Submitted by Assigned_Reviewer_1
Q1: Comments to author(s). First provide a summary of the paper, and then address the following criteria: Quality, clarity, originality and significance. (For detailed reviewing guidelines, see http://nips.cc/PaperInformation/ReviewerInstructions)
The proposed algorithm uses the KL distance between the true and the proposed posterior as the objective function. To compute the KL distance it uses stochastic gradient Langevin dynamics to effienctly sample from the posterior and to optimize it it uses stochastic gradient descent.
The writing is quite clear. It is a simple but effective approach and the examples provided show its benefits quite convincingly.
Q2: Please summarize your review in 12 sentences
The paper proposes a stochastic gradient algorithm to train a parametric model of the posterior predictive distribution of a Bayesian model.
Submitted by Assigned_Reviewer_2
Q1: Comments to author(s). First provide a summary of the paper, and then address the following criteria: Quality, clarity, originality and significance. (For detailed reviewing guidelines, see http://nips.cc/PaperInformation/ReviewerInstructions)

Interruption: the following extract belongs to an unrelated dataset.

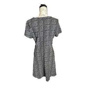 Look smart in this short-sleeve A-line dress designed with a classic print and a ruffled hem.

the main idea of the manuscript is, in a regression context, to approximate the predictive distribution with a simple tractable model in order to avoid the high cost required to approximate the true predictive distribution using Monte Carlo samples. The authors discuss why they want to use a Bayesian approach (and their claims are somewhat supported by their simulations) in contrast with a plug in approach. The approach developed comes with no surprise, but is natural and sensible : minimize an averaged KL divergence between the true predictive and the surrogate parametric model using the output of SGLD algorithm. Performance of the method is illustrated through simulations on some examples and, as for any manuscript, outperforms competitors. There are numerous parameters to choose in the algorithm, which is not discussed.
Q2: Please summarize your review in 12 sentences
Nothing surprising in the manuscript. It is an idea worth exploring.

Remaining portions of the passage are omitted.